# [Problem]
Print exactly the lines that run from the first line of the material to the line containing "QUADRO CLÍNICO -Inicia-se: ulceração", both ends included, and skip the pictures.

# [Source data]
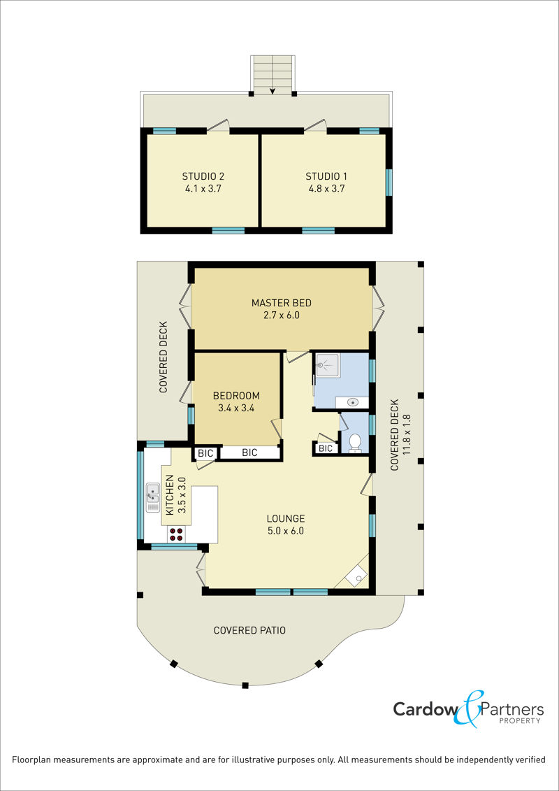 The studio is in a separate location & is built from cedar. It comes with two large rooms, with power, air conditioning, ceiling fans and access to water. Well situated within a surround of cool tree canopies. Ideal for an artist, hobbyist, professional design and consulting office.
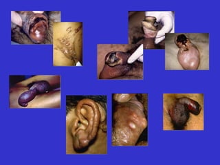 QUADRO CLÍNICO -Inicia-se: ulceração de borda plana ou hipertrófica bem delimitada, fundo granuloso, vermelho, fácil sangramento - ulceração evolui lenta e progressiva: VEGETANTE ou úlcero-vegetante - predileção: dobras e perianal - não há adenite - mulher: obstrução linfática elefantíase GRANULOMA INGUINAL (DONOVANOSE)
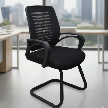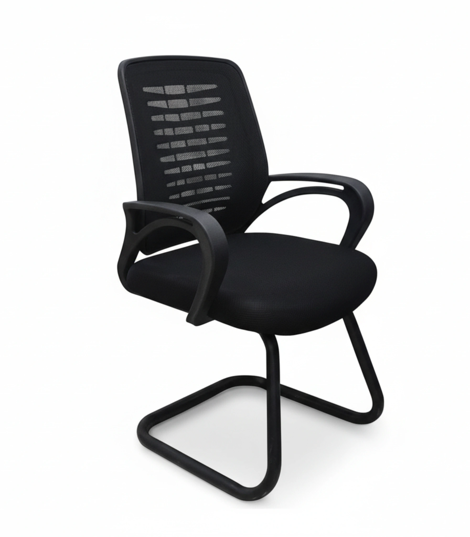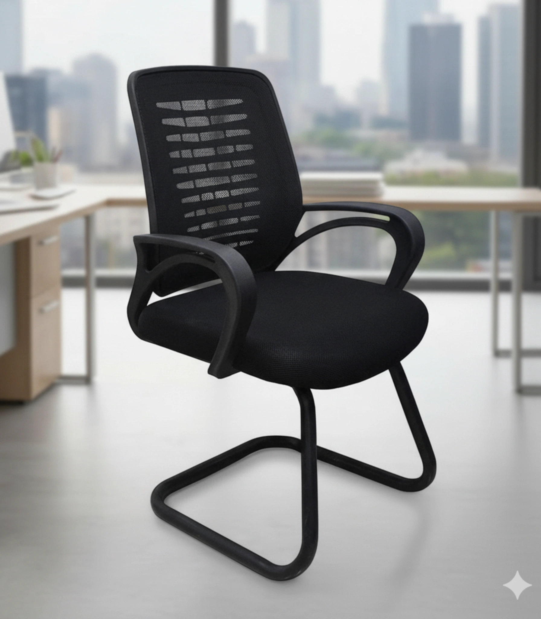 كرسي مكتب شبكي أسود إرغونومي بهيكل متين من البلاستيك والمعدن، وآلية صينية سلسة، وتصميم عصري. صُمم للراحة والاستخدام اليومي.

# [Task result]
 The studio is in a separate location & is built from cedar. It comes with two large rooms, with power, air conditioning, ceiling fans and access to water. Well situated within a surround of cool tree canopies. Ideal for an artist, hobbyist, professional design and consulting office.
 QUADRO CLÍNICO -Inicia-se: ulceração de borda plana ou hipertrófica bem delimitada, fundo granuloso, vermelho, fácil sangramento - ulceração evolui lenta e progressiva: VEGETANTE ou úlcero-vegetante - predileção: dobras e perianal - não há adenite - mulher: obstrução linfática elefantíase GRANULOMA INGUINAL (DONOVANOSE)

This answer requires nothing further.